Abstract

Introduction of the zta gene of Epstein-Barr virus into latently infected B cells leads to induction of the entire lytic cycle program of the virus. The Zta gene product is a sequence-specific DNA-binding protein of 35 kilodaltons that behaves as a specific transcriptional transactivator in transient cotransfection assays. All known Zta-responsive target promoters contain one or more members of a family of consensus-binding sites known as ZREs. On the basis of the presence of limited amino acid similarity within a basic carboxy-terminal domain, Zta has been proposed to be a highly divergent member of the c-Jun/c-Fos/GCN4 family of AP-1-binding proteins. We show here that in vitro-translated Zta and the Jun:Fos proteins have overlapping but distinct target DNA-binding specificies; both recognize canonical AP-1 sites, but only Zta recognizes ZRE sites and only Jun:Fos recognizes CRE sites.
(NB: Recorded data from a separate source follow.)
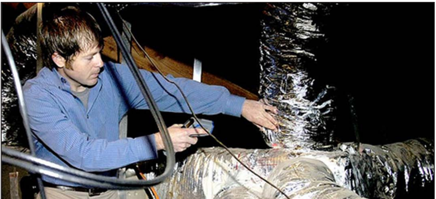
Energy auditor checking insulation around pipes

By increasing a building's energy efficiency, energy auditors can create a cleaner environment and help customers save money. As long as they are able to produce financial savings for their clients, energy auditors should find continued demand for their skills. As more home and building owners recognize the benefits of energy audits, the number of auditors will likely grow. The lack of education and training requirements to become an energy auditor provides an excellent opportunity for workers without a college degree.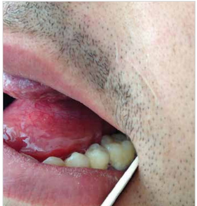
Figure 1. Appearance of the ranula in oral examination

Depending on the location, many lesions should be considered in the differential diagnosis. Diseases, such as branchial cleft cysts, dermoid cysts, abscesses, cystic hygroma, laryngocele, lymphadenopathy, thyroglossal duct cyst, and salivary gland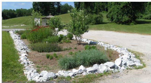
Demonstration rain garden at Alpha Ridge landfill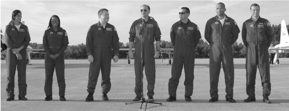
European Space Agency Astronauts

absence of Western underwriting; less expensive experiments were substituted for those in the original plans. The Soyuz TM-12 mission, which included Soviet cosmonauts Anatoly Artsebarsky and Sergei Krikalev, launched on 18 May 1991 and lasted eight days, most of that time spent at the Mir space station. Sharman's tasks included medical and agricultural tests, photographing the British Isles, and participating in an amateur radio hookup with British schoolchildren. She landed aboard Soyuz TM-11 on 26 May 1991, along with Viktor Afanasyev and Musa Manarov. She has not returned to space, although she was one of three British candidates in the 1992 European Space Agency astronaut selection process, and was on the shortlist of 25 applicants in 1998.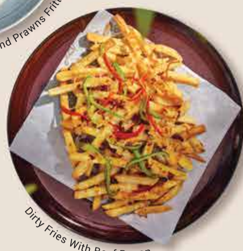
Dirty Fries With Beef Bacon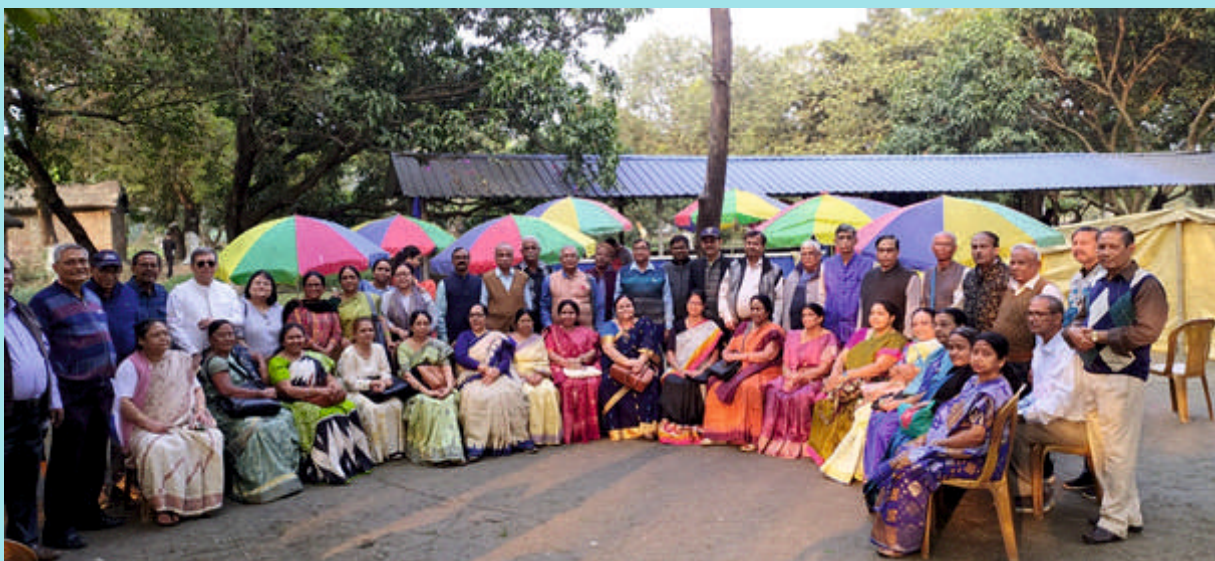
A view of all persons present in the Annual Picnic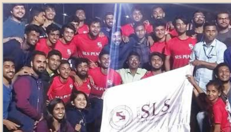
SLS Men's Football team celebrating their silver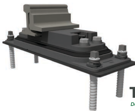
TOE Delkor Turnout Egg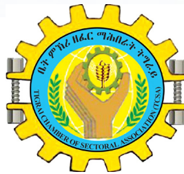
ትግራይ ክልል የዘርፍ ማኅበራት ምክር ቤት Tigray Chamber of Sectoral Association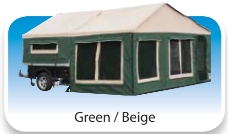
Green / Beige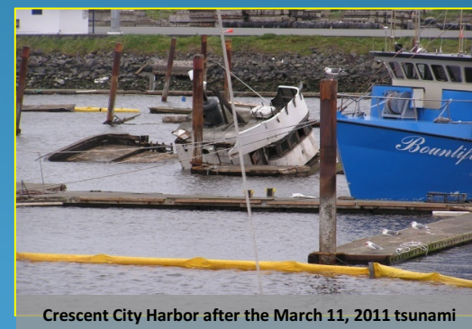
Crescent City Harbor after the March 11, 2011 tsunami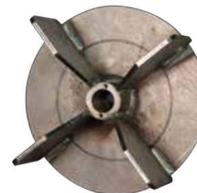
4-Blade Impeller A0645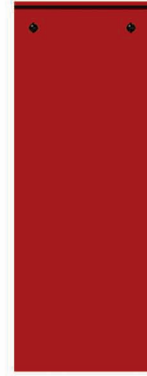
Model #791543 Solid / Plain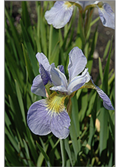
Sky Wings Siberian Iris flowers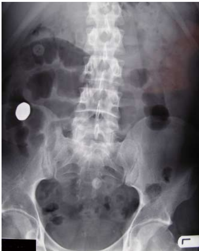
Fig 2. 20-pence coin in the right iliac fossa. Dilated loops of small bowel proximal to coin. Reproduced with permission from the Irish Journal of Medical Science - Reference 4

colon were resected with a primary anastomosis performed. Histopathological analysis revealed Crohn's Disease with stricturing distal to the impacted 20-pence coin 4 . Patient 11 was admitted after intentionally swallowing a wrist-watch 6-weeks prior to presentation. Endoscopic retrieval from the ileo-caecal junction was successful (Figs 3, 4). Two further patients (9 & 10) required operative intervention for continuing obstructive symptomatology. An enterotomy was performed with extraction of the metallic foreign body followed by primary closure in both instances.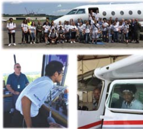
WSWEP students visited Oxford Airport to learn about careers in aviation and airport management operations.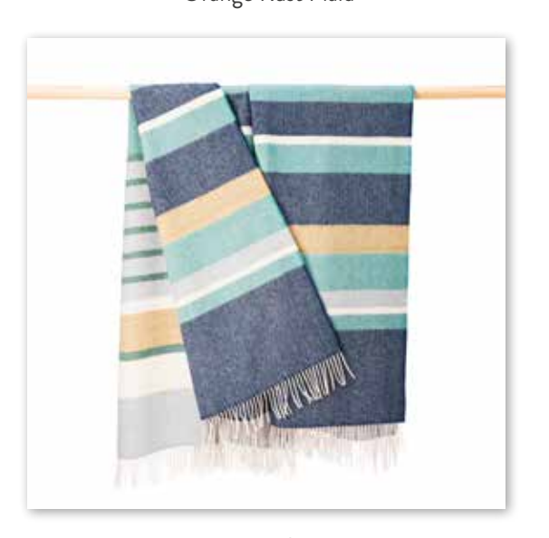
3159 Blue Stripe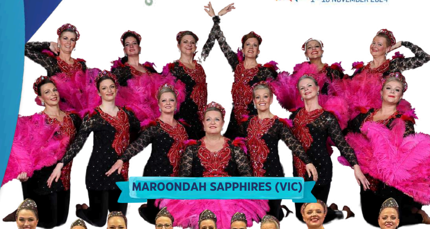
MAROONDAH SAPPHIRES (VIC)

PAN PACIFIC MASTERS GAMES GOLD COAST AUSTRALIA 1 - 10 NOVEMBER 2024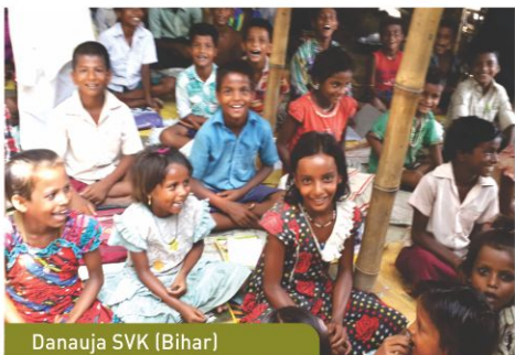
Danauja SVK (Bihar)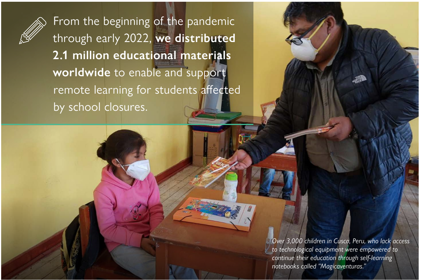
Over 3,000 children in Cusco, Peru, who lack access to technological equipment were empowered to continue their education through self-learning notebooks called “Magicaventuras.”

From the beginning of the pandemic through early 2022, we distributed 2.1 million educational materials worldwide to enable and support remote learning for students affected by school closures.

The relative binding affinity of Zta for oligonucleotides containing the 7-base-pair c-Fos AP-1 site TGAGTCA was twofold greater than that for the ZRE core motifs TGAGCAA, TG TGCAA, and TGAGTAA, but 10-fold greater than that for TGTGTCA, as measured by gel mobility retardation and competition DNA-binding assays. Cross-linking and cotranslational heterodimerization assays showed that like GCN4, Zta forms a stable homodimer in both its DNA-bound and unbound forms. Furthermore, we show that a potential coiled-coil helical domain adjacent to the basic domain of Zta can substitute for the leucine zipper of c-Fos to produce a DNA-binding protein that has a very stringent target DNA specificity and can only recognize symmetric 9-base-pair AP-1 sites (ATGAGTCAT). Therefore, despite the absence of the repeated heptad leucine zipper motifs, the Zta protein retains the characteristic features of a juxtaposed basic region and an exactly aligned coiled-coil alpha-helical dimerization domain of the bZIP class of transcriptional regulatory factors.